Toronto has a brand new Black woman-led real estate company, and its owner hopes to help other people of colour in the city achieve their dreams and create long-lasting wealth.
Renowned realtor Bethany King started her work in the real estate industry in 2018. Since then, she has become a top-producing professional, and built one of the best-performing teams at her previous brokerage.
She has also built a successful social media platform, with over 140K followers on TikTok and 11k on Instagram, where she creates engaging content about the housing market and systemic barriers in the real estate industry, with the goal of reinventing how agents communicate effectively with their clients.
Now, King is launching her own brokerage, King Realty Co., which is one of Toronto’s first real estate companies to be entirely led by a Black woman.
“It’s being black owned isn’t just the headline, it is history being made. And the thing is we are not trying to compete with traditional brokerages in the marketplace. We are building what comes next,” she told Now Toronto on Wednesday.
Despite Toronto being one of the most diverse cities in the world, King says the city’s real estate industry still has a long way to go in representing this diversity.
In 2021, a survey conducted by the Toronto Regional Real Estate Board (TRREB) revealed that while there is significant diversity in the industry, with 58 per cent of its members identifying as racialized, this diversity is not equally reflected across all communities.

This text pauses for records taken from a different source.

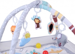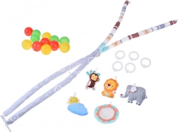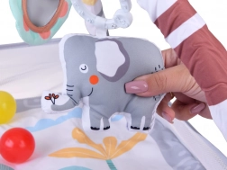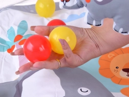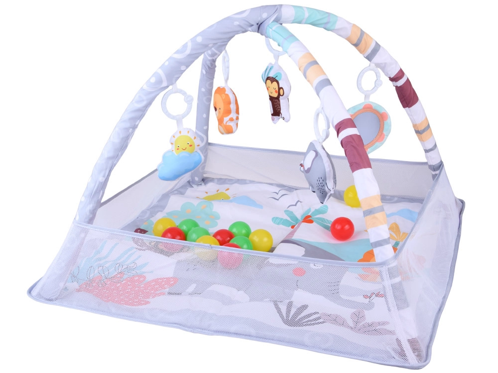 Les animaux en peluche, un soleil avec nuage, un miroir pour bébé et des balles colorées stimulent la vue, le toucher et l’ouïe, tout en motivant à s’étirer, saisir et se retourner.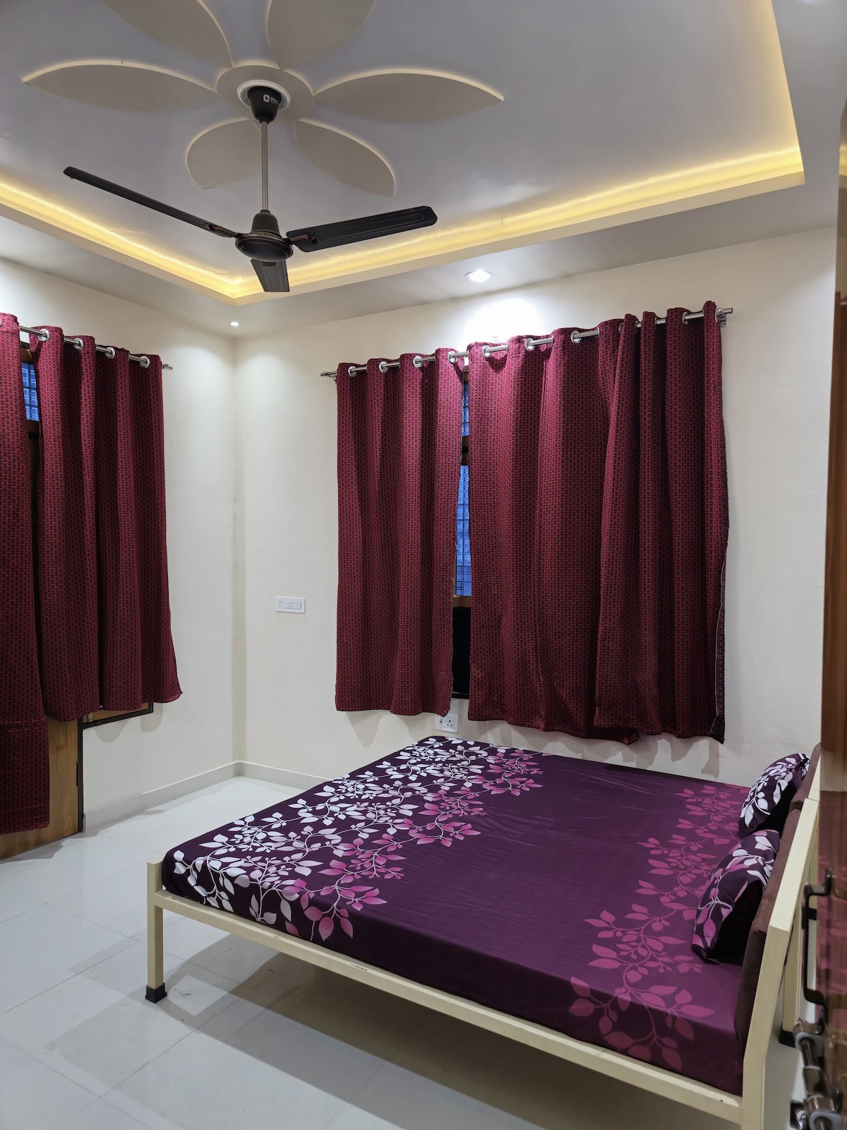 Ground-floor AC suite in a calm residential area of Kamachha, Varanasi. Includes two king 6×6 beds, a private bathroom with hot water, and a private basic kitchen with induction and utensils. Wi-Fi, projector, filtered water, inverter backup, and roadside parking available. Kashi Vishwanath (3.5–4 km), Assi Ghat (2.5–3 km), and BHU (3.5 km) are best reached by auto or scooter. Ideal for families or small groups seeking a peaceful homestay.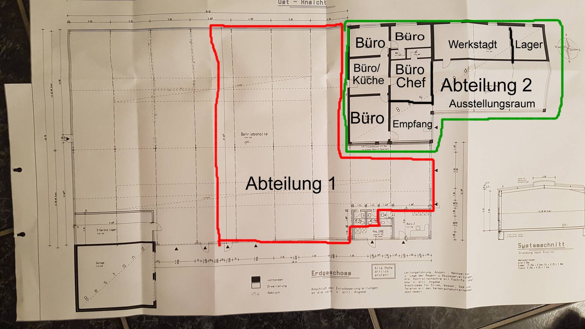 Die Halle ist mit Fußbodenheizung ausgestattet, wobei man auf 10 verschiedenen Flächen die Temperaturen einstellen kann. Sparsamer Energieverbrauch. Beide WC auch mit Fußbodenheizung. Das Hallentor zur Umgehungsstraße hat eine Öffnung von 4,50m x 4,50m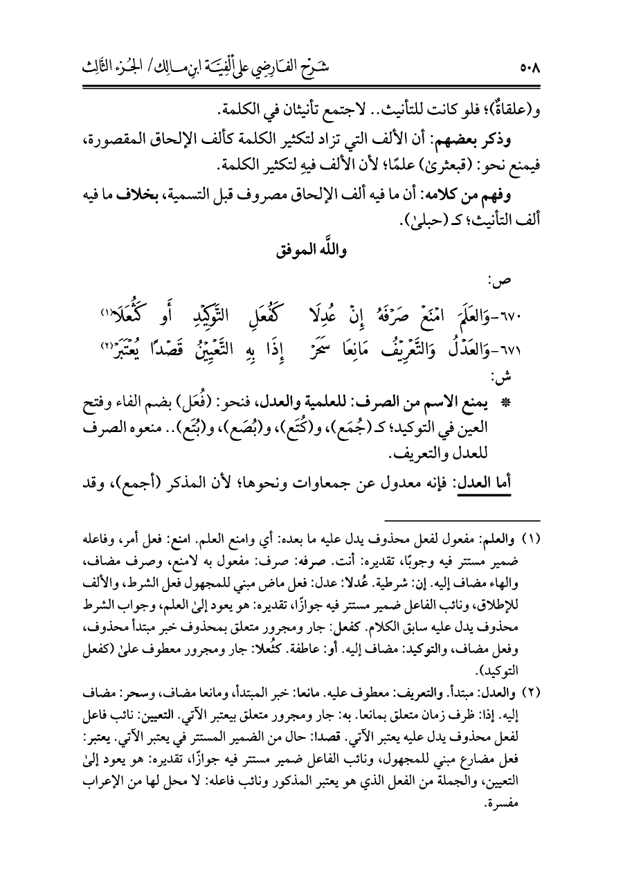 (¬١) والعلم: مفعول لفعل محذوف يدل عليه ما بعده: أي وامنع العلم. امنع: فعل أمر، وفاعله ضمير مستتر فيه وجوبًا، تقديره: أنت. صرفه: صرف: مفعول به لامنع، وصرف مضاف، والهاء مضاف إليه. إن: شرطية. عُدلا: عدل: فعل ماض مبني للمجهول فعل الشرط، والألف للإطلاق، ونائب الفاعل ضمير مستتر فيه جوازًا، تقديره: هو يعود إلي العلم، وجواب الشرط محذوف يدل عليه سابق الكلام. كفعل: جار ومجرور متعلق بمحذوف خبر مبتدأ محذوف، وفعل مضاف، والتوكيد: مضاف إليه. أو: عاطفة. كثُعلا: جار ومجروو معطوف علي (كفعل التوكيد).

Although eight per cent of the city’s population identified as Black at the time, only three per cent of the TRREB’s members were Black. Meanwhile, Black respondents were also more likely to report experiencing unfair treatment by clients, colleagues, home inspectors, and financial institutions, or having their clients face discrimination from home buyers. Additionally, 29 per cent of the women surveyed also reported being more likely to experience unfair treatment.
But King hopes that Realty King Co. will be a step towards changing this reality for other entrepreneurs, while supporting racialized homebuyers and owners in the city.

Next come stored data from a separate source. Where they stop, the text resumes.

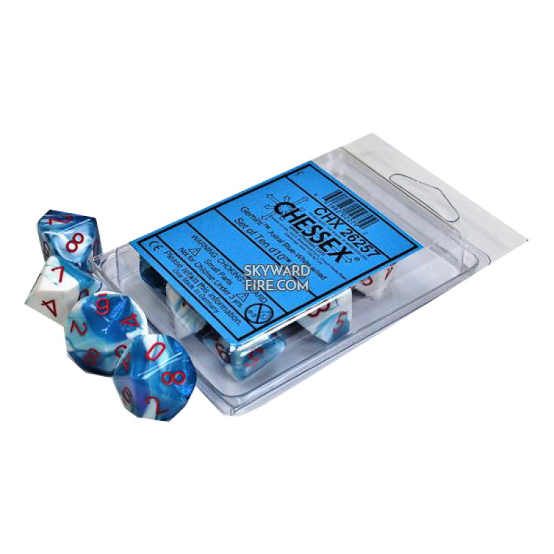 CHESSEX: Gemini Blue-White / Red Set Of Ten D10 DICE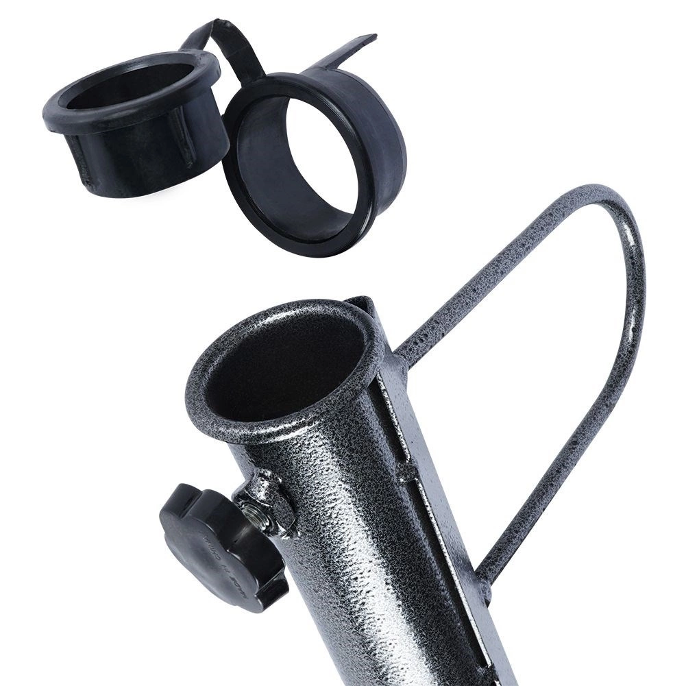 Robuuste insteekstandaard voor tuin- en strandparasols zorgt voor stabiele bevestiging in gras en zand. Metalen constructie in grijs, eenvoudige installatie dankzij de punt en adapters 25–35 mm voor verschillende buisdiameters. Ideale oplossing tegen omvallen bij wind.
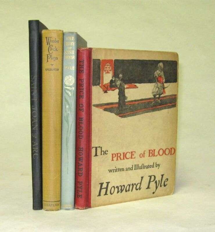 (Pyle, Howard, illustrator): Pyle, Howard. The Price of Blood. Boston: Richard G. Badger, 1899. 1st ed. Sm. 4to, orig. color pictorial bds., all edges stained red; light edge wear. With color frontis. + 5 plates. Internally clean. BAL 16398, bdg. state 2. * _ _. The Ruby of Kishmoor. New York: Harper, 1908. 1st ed. 8vo, orig. gilt-lettered, color & gilt-pictorial slate green cloth, t.e.g., other edges untrimmed. Color frontis. + 9 plates. Bright, tight copy. BAL 16412. * Goldsmith, Sophie, adapted by. Wonder Clock Plays. New York: Harper, 1925. 1st ed., thus. 4to, orig. black & red stamped yellow-green cloth; light wear. 12 plates, text illus. Minor wear. * Twain, Mark. Saint Joan of Arc. New York: Harper, (1919). 1st ed., 1st ptg. Sm. 4to, orig. black cloth; color pictorial cover label, t.e.g.; light wear. With 4 mounted color plates (incl. frontis.), green shoulder decorations. Attractive copy.

“I’ve spent so many years helping people from all ethnicities buy and sell real estate. Primarily, though I represent a lot of visible minorities, and it’s so satisfactory when you can play such a small part in a milestone in someone’s life when they buy their first home, for example,” she said.

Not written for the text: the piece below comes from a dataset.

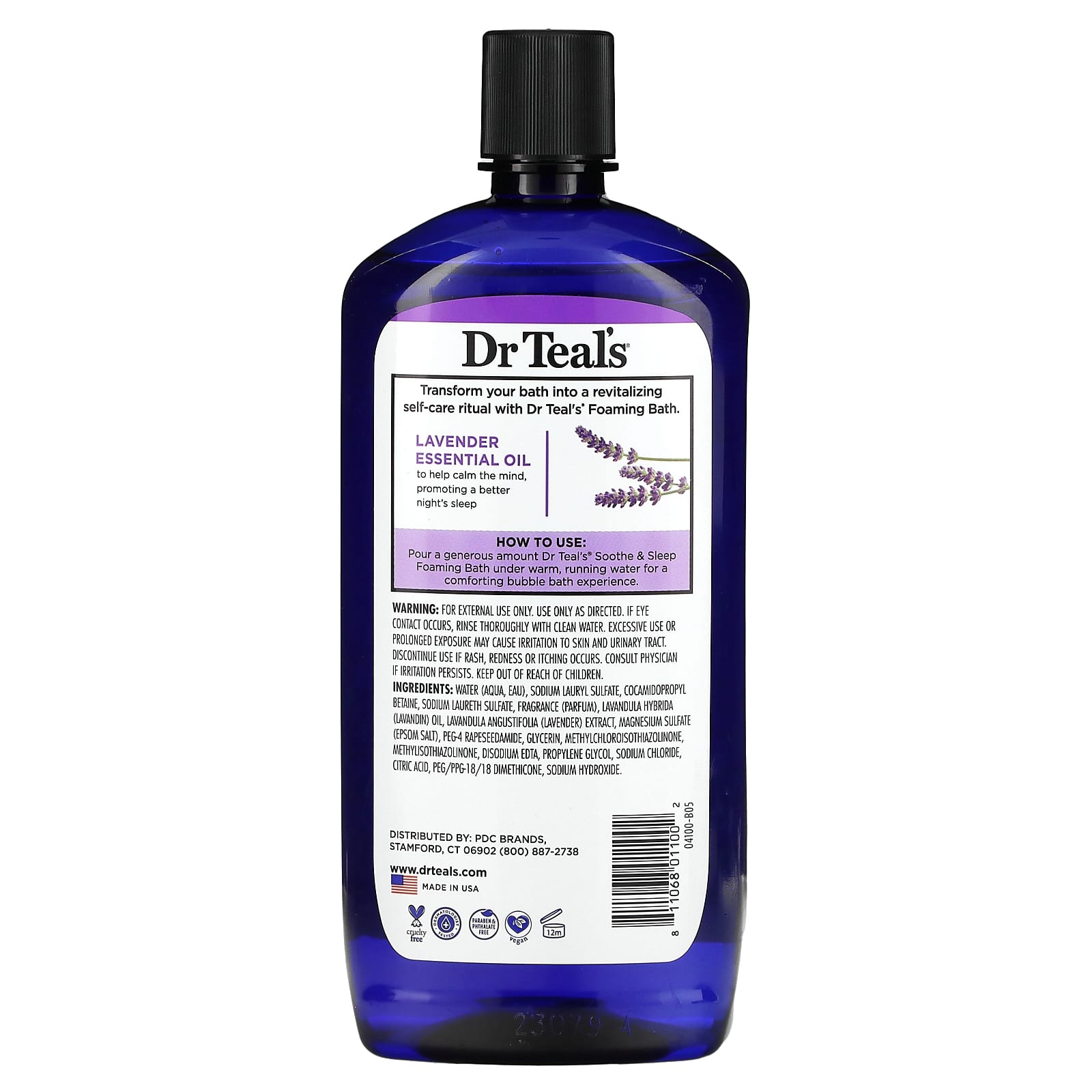 Налейте обильное количество пенки для ванны Sooth & Sleep от Dr Teal's® под теплую проточную воду, чтобы принять успокаивающую пену для ванны.

“But now it’s also such a wonderful feeling when you can help and empower other business professionals to support themselves and build businesses where they can live their dream lives, is what we say, and truly build generational wealth and legacy.”
The realtor explains that buying real estate is one of the most effective ways for people to build long-lasting wealth, and she hopes to facilitate that for racialized people, along with younger clients.
Using a modern, technology-driven approach, King says the new brokerage will utilize technology, artificial intelligence, and cloud-based software that are often overlooked by other traditional firms.
Moreover, the realtor says that her team is prepared to find solutions and adapt to the realities faced by younger generations, who experience greater economic challenges than previous ones, which affects their ability to enter the market.
“The new generation, whether they are business owners, real estate agents or consumers, have now experienced several recessions, several economic changes,” she said.
“Sometimes a consumer is looking for an agent or a business professional, whether that’s real estate mortgages, no matter what industry, [who] can adapt to these times and [who] understands.”
In addition, King hopes that her success with launching the company will inspire young generations to chase their dreams, especially People of Colour.
“When we say that we’re building a legacy, we’re building representation for generations after us, so that other young girls and young boys can have an office that they can walk into in the future and talk to people who look like them, and who understand their journey and who understand their challenges.”